Does this mean 2009 is a great year for school choice? No, this is a more difficult year than most. Like every movement worth fighting for, school choice goes through its ups and downs.

But it's important to measure both the bad and the good, and look at the whole picture. Clearly the movement is not dead just because two of the 24 school choice programs that exist nationwide are experiencing turbulence.

We had a really great year for school choice in 2006; five new programs were created. But then we had a tough year in 2007. A universal voucher program passed by the Utah legislature and signed by the governor was overruled by a union-backed referendum.

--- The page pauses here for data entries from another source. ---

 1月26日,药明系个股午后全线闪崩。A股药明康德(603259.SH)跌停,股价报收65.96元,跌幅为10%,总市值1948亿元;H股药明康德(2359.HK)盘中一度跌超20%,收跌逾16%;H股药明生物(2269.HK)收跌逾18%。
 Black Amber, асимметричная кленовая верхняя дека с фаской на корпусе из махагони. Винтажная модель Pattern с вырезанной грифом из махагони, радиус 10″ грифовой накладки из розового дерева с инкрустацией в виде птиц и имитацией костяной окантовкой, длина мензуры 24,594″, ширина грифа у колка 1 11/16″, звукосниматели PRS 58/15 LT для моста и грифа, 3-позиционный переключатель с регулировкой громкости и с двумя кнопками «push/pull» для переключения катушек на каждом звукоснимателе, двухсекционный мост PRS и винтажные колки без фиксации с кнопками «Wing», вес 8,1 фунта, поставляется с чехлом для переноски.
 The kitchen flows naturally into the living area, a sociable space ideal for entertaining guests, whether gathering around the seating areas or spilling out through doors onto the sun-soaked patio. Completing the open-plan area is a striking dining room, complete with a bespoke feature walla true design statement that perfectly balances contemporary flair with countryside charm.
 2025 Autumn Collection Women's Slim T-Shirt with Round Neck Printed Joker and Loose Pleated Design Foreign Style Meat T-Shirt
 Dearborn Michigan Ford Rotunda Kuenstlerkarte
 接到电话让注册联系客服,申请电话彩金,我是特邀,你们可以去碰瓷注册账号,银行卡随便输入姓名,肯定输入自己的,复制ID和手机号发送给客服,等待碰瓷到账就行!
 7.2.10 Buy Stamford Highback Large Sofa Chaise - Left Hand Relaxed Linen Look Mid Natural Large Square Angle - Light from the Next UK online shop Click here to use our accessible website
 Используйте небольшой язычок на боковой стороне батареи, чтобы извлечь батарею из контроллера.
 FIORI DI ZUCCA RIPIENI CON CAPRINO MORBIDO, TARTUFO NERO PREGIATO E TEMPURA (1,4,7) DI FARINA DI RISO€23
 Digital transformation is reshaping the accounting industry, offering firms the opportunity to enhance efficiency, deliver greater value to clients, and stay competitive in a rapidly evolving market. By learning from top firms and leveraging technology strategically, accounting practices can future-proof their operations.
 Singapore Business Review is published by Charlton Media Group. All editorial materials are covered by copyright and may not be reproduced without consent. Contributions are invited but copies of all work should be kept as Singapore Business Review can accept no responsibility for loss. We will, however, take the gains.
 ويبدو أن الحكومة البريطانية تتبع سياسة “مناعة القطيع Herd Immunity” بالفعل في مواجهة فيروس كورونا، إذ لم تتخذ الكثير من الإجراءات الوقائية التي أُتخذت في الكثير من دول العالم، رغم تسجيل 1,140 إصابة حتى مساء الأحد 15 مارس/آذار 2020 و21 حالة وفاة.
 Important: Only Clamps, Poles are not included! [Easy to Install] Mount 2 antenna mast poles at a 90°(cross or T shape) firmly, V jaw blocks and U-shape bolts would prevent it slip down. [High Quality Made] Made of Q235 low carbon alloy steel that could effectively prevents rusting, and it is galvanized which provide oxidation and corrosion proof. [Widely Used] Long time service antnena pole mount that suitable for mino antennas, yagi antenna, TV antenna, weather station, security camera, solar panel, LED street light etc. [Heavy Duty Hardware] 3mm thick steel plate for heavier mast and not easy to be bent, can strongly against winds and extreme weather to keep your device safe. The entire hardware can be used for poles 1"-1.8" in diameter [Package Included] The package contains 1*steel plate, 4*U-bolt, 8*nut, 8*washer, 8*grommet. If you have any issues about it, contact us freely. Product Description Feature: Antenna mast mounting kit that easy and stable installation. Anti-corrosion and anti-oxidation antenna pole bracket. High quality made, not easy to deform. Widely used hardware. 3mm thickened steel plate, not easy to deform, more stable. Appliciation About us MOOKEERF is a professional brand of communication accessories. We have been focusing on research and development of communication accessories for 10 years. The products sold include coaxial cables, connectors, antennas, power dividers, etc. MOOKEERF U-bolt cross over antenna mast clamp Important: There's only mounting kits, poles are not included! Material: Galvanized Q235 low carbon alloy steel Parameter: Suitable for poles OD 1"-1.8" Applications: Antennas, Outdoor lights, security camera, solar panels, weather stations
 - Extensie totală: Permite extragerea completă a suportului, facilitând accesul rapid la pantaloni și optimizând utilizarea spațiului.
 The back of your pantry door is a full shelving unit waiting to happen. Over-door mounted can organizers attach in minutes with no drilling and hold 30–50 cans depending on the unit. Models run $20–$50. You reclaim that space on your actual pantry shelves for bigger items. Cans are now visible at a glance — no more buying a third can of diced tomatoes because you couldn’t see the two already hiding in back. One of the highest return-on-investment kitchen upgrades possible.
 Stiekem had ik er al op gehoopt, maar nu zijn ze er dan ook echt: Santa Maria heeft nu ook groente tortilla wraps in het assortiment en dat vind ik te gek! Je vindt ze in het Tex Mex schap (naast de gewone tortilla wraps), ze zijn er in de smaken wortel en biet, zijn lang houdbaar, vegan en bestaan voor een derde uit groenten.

But you know what? That same year, Georgia enacted a large voucher program for special-needs students. And then in the next year, 2008, things were going well again -- three new school choice programs were enacted, another large one in Georgia (with no restrictions on student eligibility) and two smaller ones in Louisiana.

The bottom line is that the D.C. and Milwaukee programs are in trouble because they're legacy programs; they're the old model of school choice, designed as charity programs that only serve the most disadvantaged. As a result, it's hard to mobilize political support for them. The constituencies that benefit most are the least powerful.

Georgia, with its more broad-based programs, is pointing the way forward. School choice that serves all students, not just some, is where the movement is headed -- precisely because it's the only model where the political math adds up.

Our national future -- in the form of our children's education -- is being demolished by a government monopoly that exists to serve the interests of a union gravy train. School choice has consistently worked, both to serve participants better and to improve all schools through competition.

The bottom line comes down to only two questions. Is our national future worth fighting for? And is there any other movement -- is there anything else at all -- that has shown any sign of producing the kind of positive educational results that are necessary to save it?